Four Ways We Can Shorten the Organ Donor Waitlist
More than 20 people die every day waiting for a transplant.
In 2016, for the fourth straight year, more organs were transplanted in the US than ever before. That's the good news. But other statistics have remained grim for the last two decades: Nearly 120,000 Americans need an organ and 22 people will die every day waiting for one that never comes.
We have an organ donor paradox in the US: While more than 95 percent of Americans support organ donation, barely more than half are registered to donate. In some states, the stats are even more off-balance: Only 27 percent of adults in New York are registered, even though they have the third highest need for organs.
What we need to do is obvious—increase the number of registered donors—but the how has always been far less clear. Here are four potential fixes.
Do a Better Job of Pestering People
One way to get more people to sign up is the most obvious: Just ask. "Most people sign up through their DMV office," says Helen Irving, CEO of LiveOnNY. "But you may be renewing your driver's license only once every eight years. We're not asking often enough and we're not making it easy for people to sign up."
In May 2012, Facebook added a feature that made it simple for people to register—it just took a couple of clicks (something you can still do). The results probably won't surprise you: In its first day, 13,012 people added their names to the donor list, a 21-fold increase. "Ease of access is key," Irving says.
Make Donors Opt-Out, Not In
Turns out there's an even easier way to get everyone signed up: Don't ask them at all. Rather than an opt-in system, which is what we currently have, some argue that we should have an opt-out system, one that presumes you are cool with being an organ donor unless you say otherwise.
An opt-out system could close the deadly gap between supply and demand in the US. In 2006, Alberto Abadie of MIT and Sebastien Gay of the Congressional Budget Office compared donation rates in opt-in versus opt-out systems. They found that the rates were 25 to 30 percent higher in opt-out countries. That's promising news for us: Last year, there were 27,628 donations from dead donors. When you do the math, that means switching to an opt-out system could increase donations by 8,288—enough to potentially cover the nearly 8,000 who die every year on the waiting list.
Give People Something in Return
A single donor can change the lives of 85 people. According to Donate Life America, your organs could save eight, give sight to two more, and your tissue could help as many as 75. But if appealing to the purely altruistic angels of our nature doesn't do the trick, then there's another way to increase the number of donors: Give them something back.

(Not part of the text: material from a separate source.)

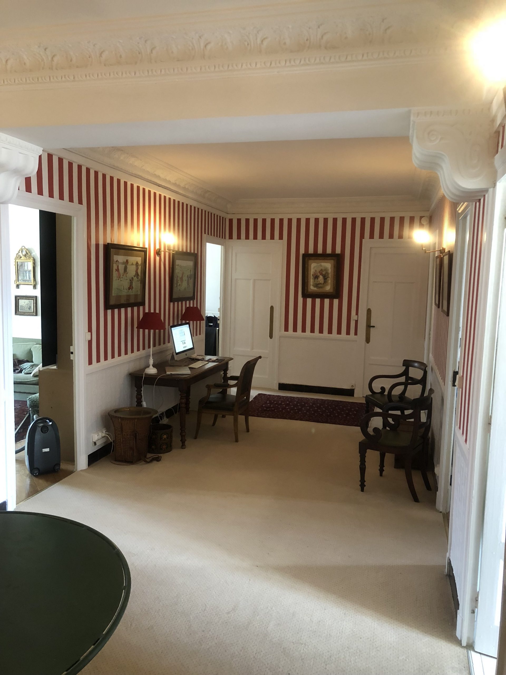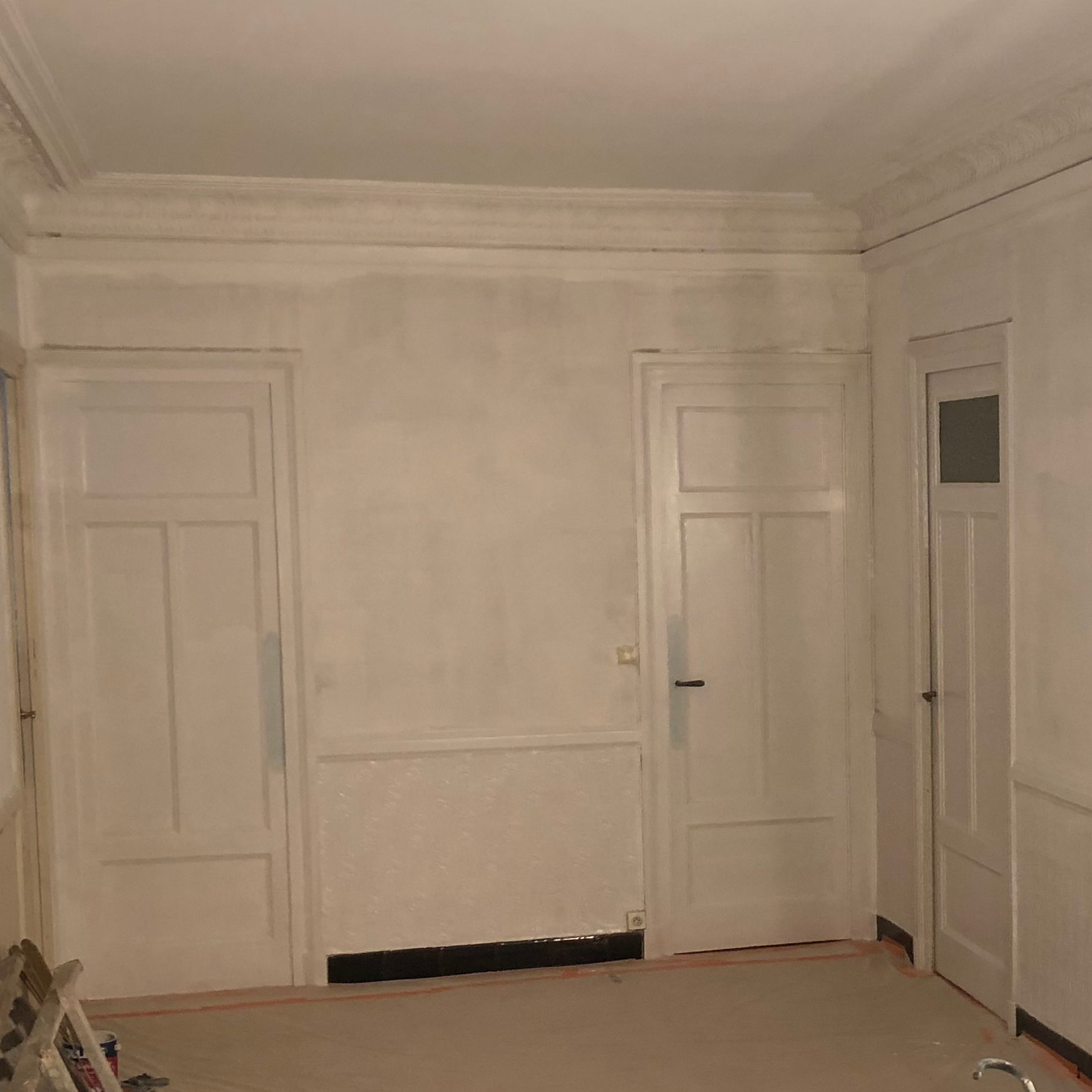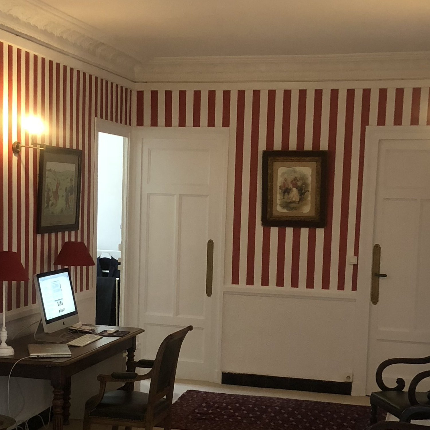 Les travaux ont consisté en une mise en peinture complète et la pose de tapisserie, transformant l’entrée en un espace accueillant et chaleureux.

This is known as the priority rule, and Chile, Israel, and Singapore have one. The basic idea is this: If you sign up to be an organ donor, then you receive priority for receiving an organ. Singapore combined an opt-out system with a priority rule: if you opt-out, you also give up your priority if you need a transplant. In January 2010, Israel implemented a broader priority point system that also rewards people for making a donation while they are alive and to families of people whose organs were successfully donated. The switch to the priority rule in Israel has led to record numbers of registrations, according to work done by Alvin Roth, an economics professor at Stanford and winner of the Nobel Prize in economic sciences, and his colleagues.
"It gives you a potential reward for having been willing to be an organ donor yourself," says Roth. "Another way to look at it is, it makes it more likely that when you do donate, you are donating to someone who would do the same for you had the situation been reversed."
Though they are still studying the effects of the program, one potential concern with priority rules is that you may not give a scarce organ to the person who needs it the most. But there's a way we can avoid that problem, too. "These priorities in Israel aren't absolute priorities," says Roth. "They give you an extra push when there's a tie. It's still the case that the sickest patients get organs first."
Address Racial Disparities
But in order to make any organ donation system work better, we also need to address mistrust of the health care system itself—one of the common reasons why people refuse to donate and why African Americans in particular are less likely to be registered to donate. "We hear folks say that there's a fear of signing on a registry and believing that healthcare providers won't take good care of them," says Irving.
The fear that health care providers won't do their jobs or will harm patients is one that we need to take very seriously, since it has been true many, many, many times for people of color in the US. "As a physician at Duke, there are patients who lived through a time period where they literally couldn't get into Duke hospital," says Julius Wilder, an instructor in Duke's department of medicine. "They didn't have access to resources and they didn't have access simply because of the fact that they are black. The fact remains that it is still a very vivid and painful memory."
Mistrust is one symptom of a deeply rooted and widespread disease: Racial barriers to quality health care, one that accounts for other well documented racial disparities in organ donation—African Americans, for example, are more likely to need a kidney transplant but less likely to get one.
The solution to improving trust and, thus, organ donation rates, then, is to improve fairness in health care more generally. "Access to good primary care and primary care physicians could be a very valuable resource in terms of increasing organ donation across the board," says Wilder.